Uploading Signed Public Keys

A public key server is a server on the network dedicated to storing the user's public key. send-keys parameter can upload the public key to the server.

gpg --send-keys xxxx --keyserver https://keyserver.ubuntu.com/

where xxxx is the string after pub in the -list-keys result of the previous step, e.g., 33DBF2E0

You can also upload the contents of the above public-key.txt via https://keyserver.ubuntu.com/.

After successful upload, you can query this https://keyserver.ubuntu.com/ by entering 0x33DBF2E0. (Note that it needs to start with 0x)

There is a delay in querying this website, you may need to wait for 1 hour.

generates fingerprint and uploads it to apache user information

Since the public key server has no checking mechanism, anyone can upload a public key in your name, so there is no way to guarantee the reliability of the public key on the server. Usually, you can publish a public key fingerprint on your website and let other people check whether the downloaded public key is genuine or not.
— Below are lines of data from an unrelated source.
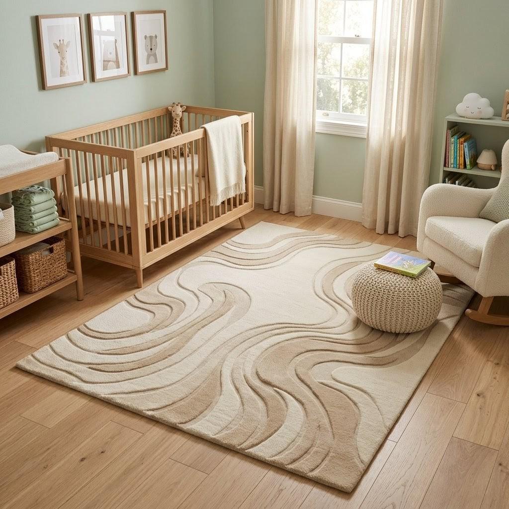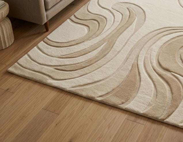Keywords: hand tufted rug, wool rug, abstract rug, beige rug, cream rug, modern rug, minimalist rug, scandinavian rug, neutral rug, living room rug, bedroom rug, nursery rug, large area rug
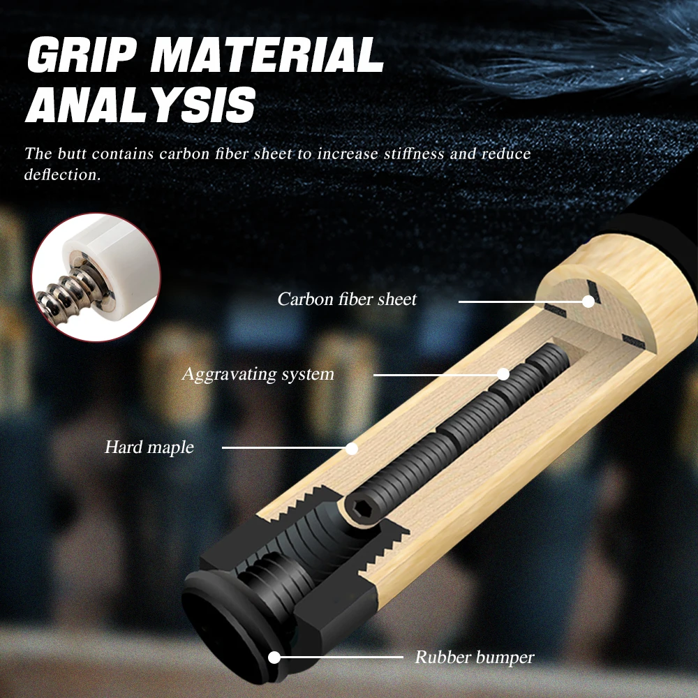 It uses the latest 12.5mm KONLLEN technology tip, which will not fall off after long-term use. The powerful tip can enhance the control of the cue ball and the adhesion of the fine powder.
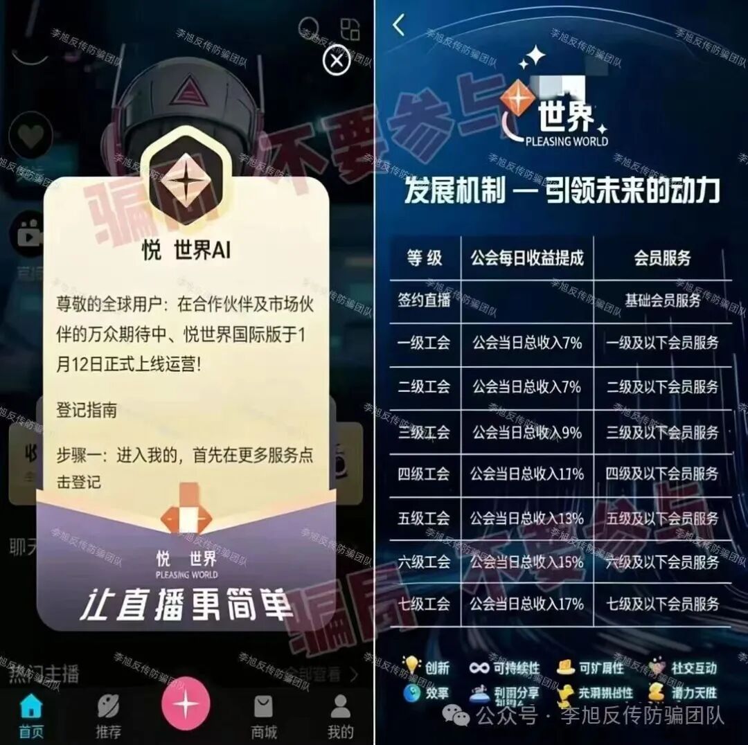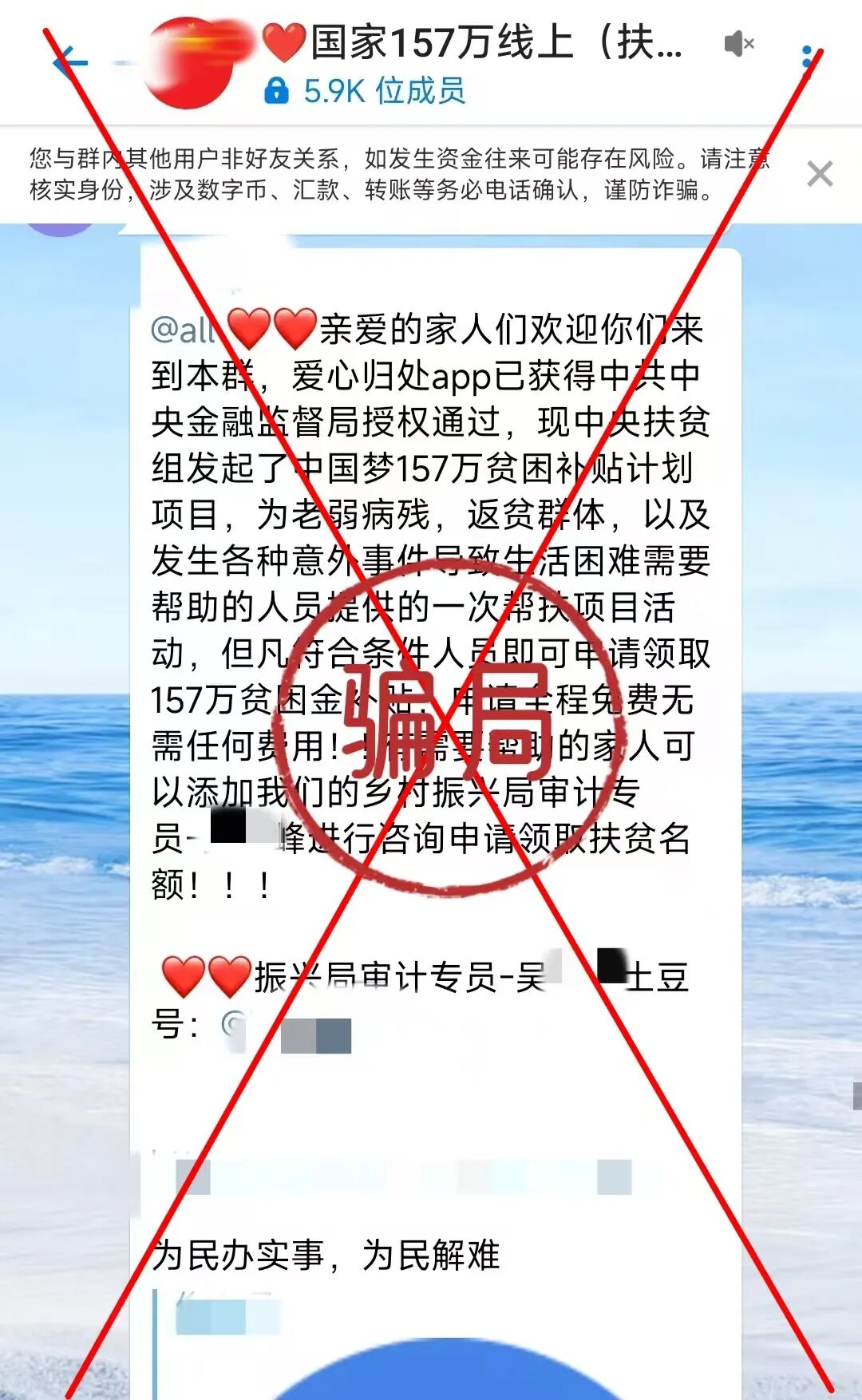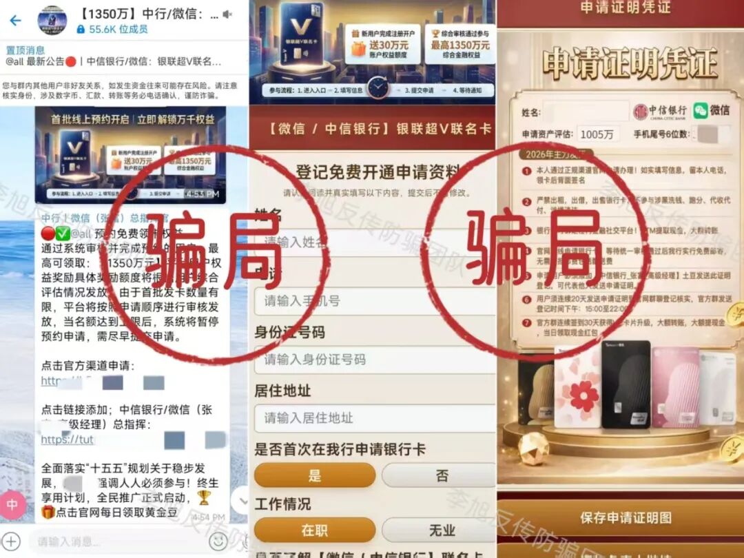 “1350万银联超V联名卡” 假冒“中信银行”,谎称联合微信推出所谓的“银联超V联名卡“。吹嘘该卡内含”1350万综合权益“,号称可在任意平台、ATM取现消费。 小编利用虚假信息填写申请表后,在没有任何评估审核的情况下,就显示可申请1105万。可见这不过就是一个可以随便填写的数字。在收集到足够多的用户信息后,很可能就会假借“寄卡”的名义收取各种费用。 大家注意,正规银行卡需要前往窗口办理,或者通过官方APP线上办理,根本不可能在一个境外聊天软件内,通过一个来路不明的链接进行申请,还望大家不要盲目将自己的个人信息交给陌生人。 “爱心归处”APP(国家157万) 冒充国家部门,谎称为困难群众发放157万扶贫金,以此骗取参与者个人信息。利用20元邀新奖励引诱参与者主动拉新。 “未来中国” 谎称“国家项目”,以所谓的329万元“专项资金”为诱饵,吸引参与者进行实名认证,并要求填写银行卡号、开户行、身份证等极度敏感的信息。 同样利用“拉人头”机制,宣称邀请新人可以获得额外的“养老补贴”、“医疗补贴”等,利用人们对未来保障的关切实施诈骗。 “树交所” 自“树拍”爆雷后,该项目谎称能够释放旧资产,精准吸引了大量急于挽回损失的老用户。但是,想要解锁旧资产,必须至少完成一笔交易还要推荐3名新人。这明显是针对特定受害人群体的、有预谋的二次收割。 细看其模式,依然是“低价买入、挂单卖出”赚取差价的资金盘竞拍模式,与“树拍”如出一辙,仅仅是提高了手续费。其充值收款方依然是来历不明的个人账户,APP下载时也会弹出安全风险提示。 老话说“前事不忘,后事之师”,已经在一个坑里跌倒过一次,就千万不要再被同一块石头绊倒第二次。 “梦想家园” 冒充国家公职人员,声称为其发放200万扶贫金用于“处理债务问题”。这对那些在网络项目中屡屡受骗、负债累累的朋友们来说,极具诱惑力。 但所谓的“梦想家园”APP只是一个制作极其简陋的聊天软件,根本无法通过正规渠道下载。 它的目的根本不是发钱,而是以审核为由,骗取用户详尽的个人资料、银行卡流水截图、微信收款码,甚至以此收取手续费。这些信息一旦泄露,后果不堪设想。 “中国华能698万补助金” 冒充“中国华能集团”,打着其名义谎称为参与者发放698万补助金,借填写申请表办理所谓的“银行卡”之名6套取用户个人信息。 请大家牢记,任何大型企业或国家机关的专项补贴、补助金,都有严格、公开的申请流程,绝不会通过一个来路不明的链接或APP私下办理。 “悦目世界海外版”APP 自2024年卷款跑路后,如今改头换面,以“海外版”的名义重新出现。利用“缴费可提现原有资产”的噱头吸引了一大波心有不甘的“老用户”,其模式与当年的“悦目”几乎一模一样。 这是典型的“二次诈骗”。骗子归来不是为了弥补大家的损失,而是看准了部分受害者急于回本的心理,企图再骗一次。 “工商银行稳定经济促销费专项工程”骗局 冒充“工商银行”,打着“提振消费”名义,忽悠参与者提交个人信息领取70万额度。为了增加可信度,骗子会在项目群中安排大量“托儿”,不断发布伪造的“额度到账”或“提现成功”的截图,制造火爆假象,引诱更多人上当。 这个项目要么是利用收集来的个人信息进行精准电诈骗,要么就是利用这些账户进行“跑分”洗钱等违法犯罪活动。大家千万不要被蒙蔽。 “AI智付钱包” 谎称是由财政部与支付平台联合推出的项目,声称用户填写详细个人身份信息就可申请一张内涵1200万资金的“AI智付金卡”。 为了骗局更逼真,不法分子会通过技术手段篡改、剪辑新闻视频,甚至拍摄虚假的ATM机取现视频。这一切都是包装。 目的仍然是窃取大家的个人信息,后续很可能会以“工本费”、“激活费”、“保证金”或“税款”等名义,对信以为真的受害者进行进一步诈骗。 “王某某解毒茶” 一款普通代用茶,却公然宣称能解“农药、尼古丁、西药”等七类毒素,并虚假借用“央视”品牌进行背书。参与者需以198元/盒的价格购买,其奖励制度完全依赖于发展下线,依据九级层级关系计算直推、级差等奖励。 根据《广告法》及《食品安全法》,普通食品不得宣传任何疾病治疗或“解毒”功效。其销售模式依靠拉人头形成层级,收益来源于后来者的购茶款,已涉嫌传销。所谓“高额奖励”实为空中楼阁,最终只会导致底层参与者损失惨重。 北海“资本运作”1043传销组织 打着“建设北部湾”“资本运作”等旗号,鼓吹投资7万元,最终能获得1043万元的巨额回报。 公然玩弄“真假对立”的话术陷阱,宣称“有假就有真”,将被打击的传销团队归结为投资“69800”的类型,声称只有缴纳70000元才是“真项目,以此话术误导人们区分传销与他们口中的“合法项目”。 无论投资额度是69800元还是70000元,只要其收益模式依赖于发展下线、形成层级关系并按人头计酬,就符合传销的特征,都是国家法律明令禁止和打击的违法犯罪行为。 深陷北海“1040阳光工程”传销迷雾:四位亲历者的被骗与觉醒实录 如果您觉得今天的文章有帮助,不妨发到“相亲相爱一家人”群或分享给身边的朋友,提醒大家注意。 或者您还遇到那些项目正在犹豫,已可以在评论区和大家一起聊一聊。 愿我们都能守好信息,守住钱袋,过好安稳的每一天。
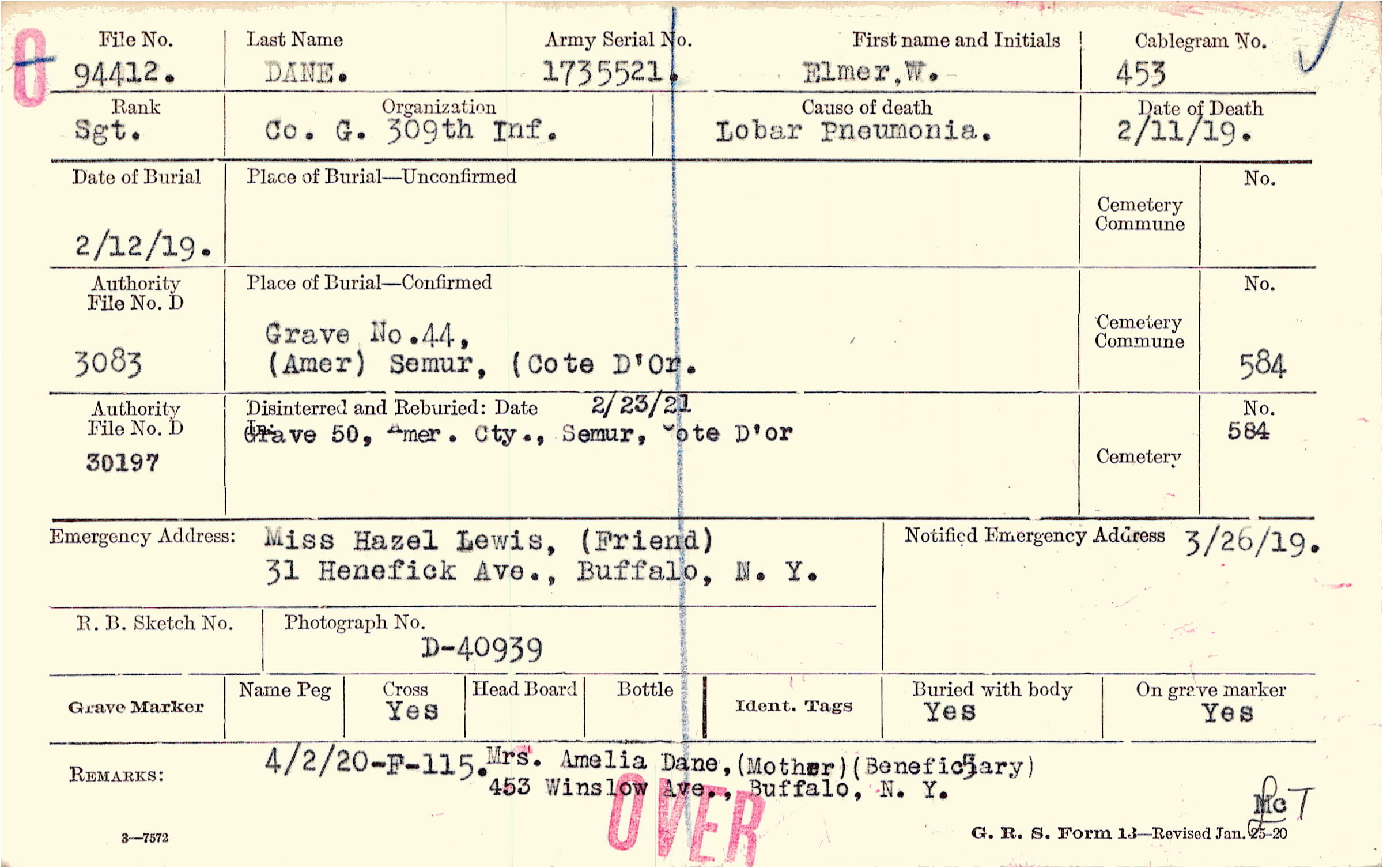 Mrs. Amelia Dane, (Mother) (Beneficiary) 453 Winslow Ave., Buffalo, N. Y., 4/2/20 F-115.
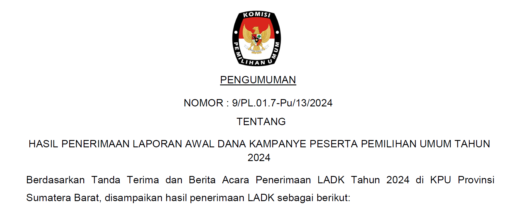 PENGUMUMAN HASIL PENERIMAAN LAPORAN AWAL DANA KAMPANYE (LADK) PESERTA PEMILU TAHUN 2024
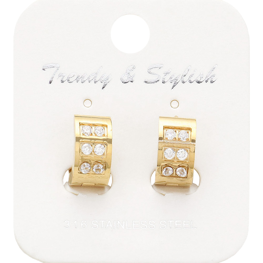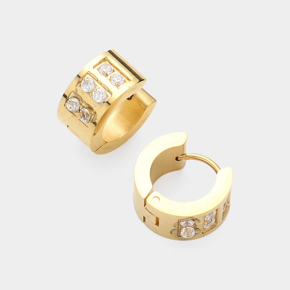 Round CZ Stone Paved Stainless Steel Huggie Hoop Earrings
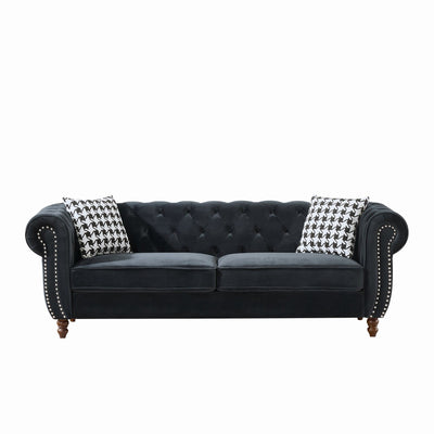 Chesterfield Velvet Upholstery Fabric Sofa With Roll Armrest & Nailhead
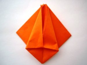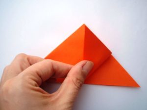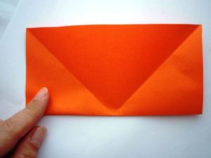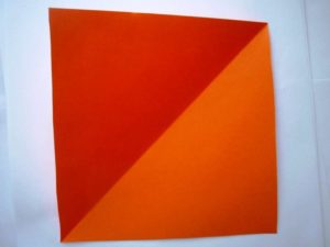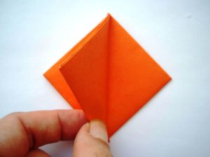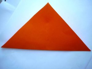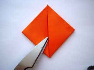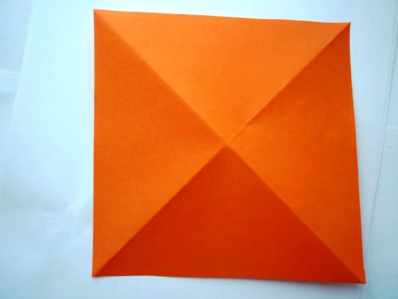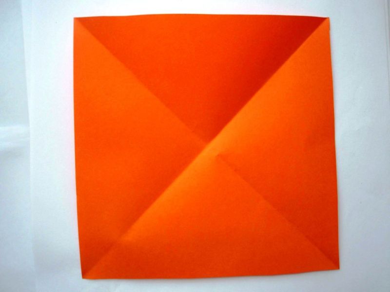 - Текущата хартия е сгъната наполовина. По-добре е форматът да е А4, тъй като това ще ви позволи да се разпрострете в процеса на създаване. Сгъваме го по диагонал, огъваме го и отрязваме излишното. В резултат на това се получава квадрат;
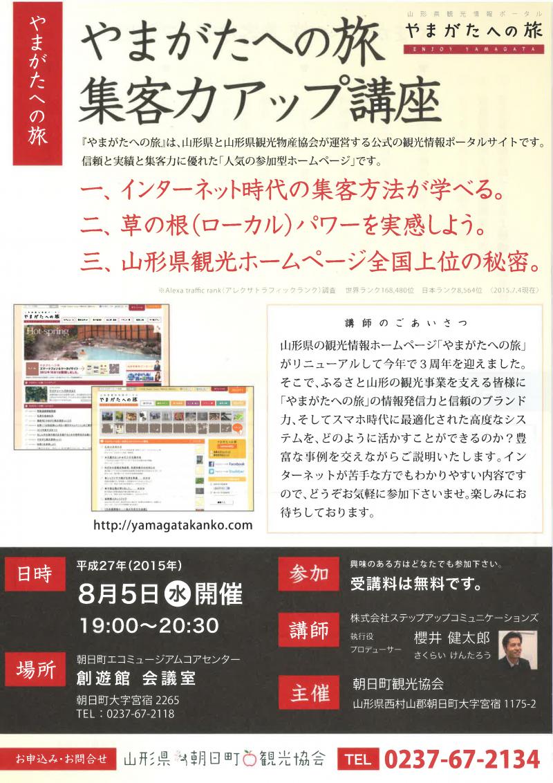 【終了しました】『やまがたへの旅』は山形県と山形県観光物産協会が運営する公式の観光情報ポータルサイトで、信頼と実績と集客力に優れた人気の「参加型ホームページ」です。このサイトの運営委託業者 株式会社ステップアップコミュニケーションズは、4月にリニューアルした当協会HPの制作・管理業者でもあり『やまがたへの旅』への参加により、当協会HP「コミュニティ」にも簡単にご参加いただけます。(協会員限定) そこで、まずは、同社執行役プロデューサー櫻井氏を講師に、集客力アップ講座を開催します。インターネットが苦手な方でもわかりやすい内容ですので、どうぞ、お気軽にご参加ください。お待ちいたしております。 日時:平成27年8月5日(水) 19:00〜20:30場所:創遊館 会議室参加料:無料主催:朝日町観光協会お申込み:電話 0237-67-2134 FAX 0237-67-2151 ホームページ(お問合せフォームよりお申込み下さい) → http://asahimachi-kanko.jp/contact/チラシ(申込書)のダウンロードはコチラ <関連リンク> 株式会社ステップアップコミュニケーションズ ホームページ

The fingerprint parameter generates a public key fingerprint.

gpg --fingerprint [user-id]

$ gpg --fingerprint xxx-yyyy
pub 4096R/33DBF2E0 2018-12-06
      Key fingerprint = 07AA E690 B01D 1A4B 469B 0BEF 5E29 CE39 33DB F2E0
uid xxx-yyyy (xxx's key) <xxx@apache.org>
sub 4096R/0E8182E6 2018-12-06

Paste the fingerprint above (i.e. 07AA E690 B01D 1A4B 469B 0BEF 5E29 CE39 33DB F2E0) into your own user information at

https://id.apache.org

OpenPGP Public Key Primary Fingerprint:

Note: Each person can have more than one Public Key.

generates keys

Be careful not to delete existing content in the KEYS file, it can only be added.

svn co https://dist.apache.org/repos/dist/dev/doris/
# edit doris/KEYS file
gpg --list-sigs [user-id] >> doris/KEYS
gpg --armor --export [user ID] >> doris/KEYS
svn ci --username $ASF_USERNAME --password "$ASF_PASSWORD" -m "UPDATE KEYS"

Note that the KEYS file should also be published to the following svn library.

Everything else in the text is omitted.